Earnings Beat Estimates
While earnings followed Macy’s track of six straight quarters of decline, this quarter’s sales loss was narrower and actually beat estimates. Macy’s reported earnings, excluding charges, of 54 cents per share, on revenue of $5.87 billion. Analysts had expected earnings of 45 cents a share on $5.75 billion in revenue, according to a consensus estimate from Thomson Reuters.
Additionally, Q2 comp sales fell only 2%, aided by the closing of 41 underperforming stores. Retail Metrics had forecast a 4.4% decline.
“Whenever there’s been a setback in our company, we’ve been first in the industry to take a very aggressive stance at moving us forward,” CEO Terry Lundgren told CNBC’s “Squawk Box.” “That’s just part of it. By closing 100 stores… we’re getting out in front of this.”
Analysts were optimistic: “Although this is partly a reaction to being in a tough competitive position within the landscape, [Macy’s is] being more offensive than most, and this is the right move,” Citi analyst Paul Lejuez told CNBC. “It is not only good for Macy’s but also for the industry.”

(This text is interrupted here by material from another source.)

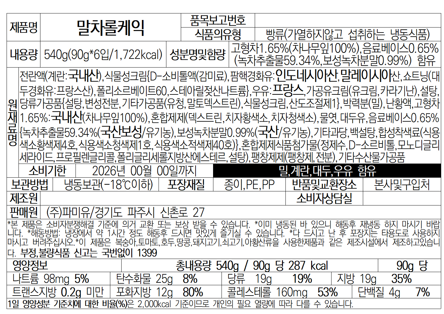 파미유_말차 롤케익(90g*6개입*18pk/BOX)
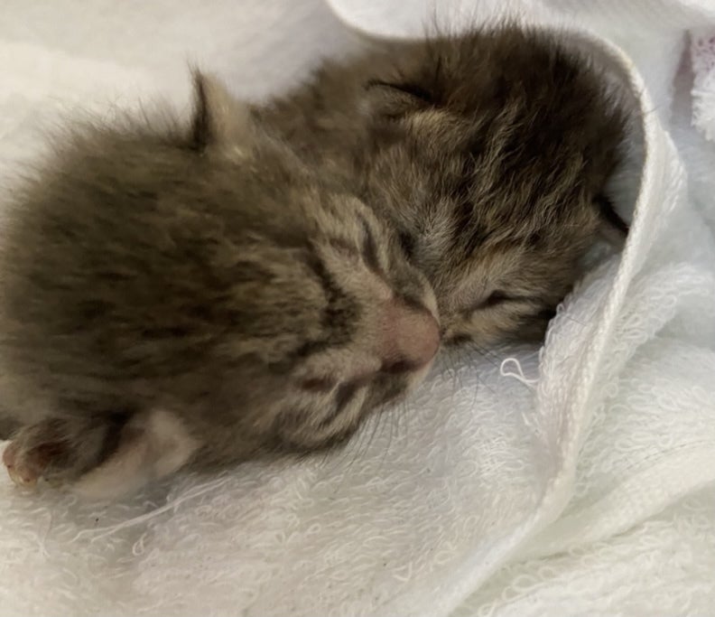 生まれたばかりの子猫がいて数時間たってもママ猫もやってこないとのこと。

Macy’s has been carefully watching its store count and analyzing performances. The retailer operates 728 stores, including 675 of its traditional full-price locations. In the past six years, it closed 90 Macy’s stores and opened 13 new locations. It opened six off-price Macy’s Backstage stores in 2015 and is also expanding its Bluemercury beauty boutique presence.
Macy’s will still have stores in 49 of the top 50 U.S. markets based on population, even after the store closings. Jeff Gennette, who will step into departing Terry Lundgren’s CEO shoes in 2017, said Macy’s will use the savings from its store closings to focus on its “highest-potential locations,” and invest “more aggressively in digital and mobile.”